The Current State of Platforms for Open Source Models
Some observations for how open source LLMs/SLMs are being used and predictions for the future
It’s been almost 2 years since Meta released Llama-1, with incredible progress made in capabilities, applications and recipes for open source LLMs. I want to particularly lay down trends and some predictions for the future:
- Llama as a platform (or pretraining is unsexy again): In Aug 2023, there were a number of players pre-training models, and it looked like that might as well remain the state of open-source: A number of research labs and Big Tech players releasing/ pre-training their own models either for it’s own sake of building better models (Mistral) or tailored towards a particular application (CharacterAI). The story has changed significantly now, with consolidation around Llama as new “platform”. For one datapoint - CharacterAI was recently reverse acqui-hired by Google, and going-forward they’ve stated that their strategy is to actually shift to post-training models like Llama. Similarly, the capabilities of Llama, given the huge compute footprint and the talent pool of Meta, has surpassed other providers like Mistral. Two observations can be made:
- There will be more consolidation around Llama and more companies will switch to post-training or distilling Llama
- Pretraining as a service will become less and less attractive. There’s definitely going to be lesser companies doing so as Meta itself invests heavily in pretraining + post-training Llama. This raises some interesting business questions - the stickyness of SAAS for pretraining is gonna decrease.
- It is still early for companies finding value from LLMs: This is partly from my personal experience being involved with some customers at Anyscale, and also partly from just talking with folks in the tech scene. Most companies are still not quite sure about how best to use LLMs. The hype around AGI doesn’t help either, and you’ll probably see LLMs being used for tasks that they’re really not a good fit for ( For a man with a hammer, everything starts looking like a nail). In terms of priorities, realiability is I think probably the number one, and structured output generation is the second.

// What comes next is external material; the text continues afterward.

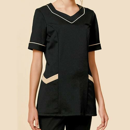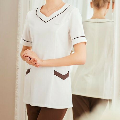「美」と「癒やし」を求めるお客様をお迎えするために「美しさ」と「きれい」は大切なキーワード。それは、華やかさであり清涼感があることです。また、「優しく」洗練されたデザインスタイルで、「しなやかに」スムーズな機能性と素材でお応えします やさしさと洗練されたイメージのチュニックスタイル。清涼感と着心地にこだわりました

- Agents are still the holy grail: While we’ve seen a lot of progress in this direction (Devin et al.), integrating an AI agent natively into your workflow is still the most impactful area.
- Pytorch-native tools and libraries will become more and more popular for pre-training, fine-tuning and inference: If you’ve been to Pytorch Conference 2024, you’ll see very clearly how Pytorch is investing heavily in building torch-native GenAI libraries - torchtitan, torchtune and torchchat. It’s also very clear how far torch.compile (which, if you remember, has always been one of the, if not the, biggest focus areas for Pytorch 2.0) has come. The good thing about this investment is that there will be co-design of Pytorch feaetures for LLM use-cases, and in the same way co-design for good abstractions and performant implementations in torchtune, torchchat etc based on said features. Simplifying your tech stack towards native Pytorch will become more attractive as this happens.
- Value capture is only recently starting to move up the chain: NVIDIA (monopoly hardware supplier) is still eating everyone’s lunch, but we’re seeing value capture move up the chain to cloud providers/ hyperscalers. Pure SAAS plays in this space (inference/fine-tuning/pretraining) will need to wait their turn. The exception to these simple buckets is data annotation providers (Scale AI, Surge AI, etc) who basically provide human labour as a service.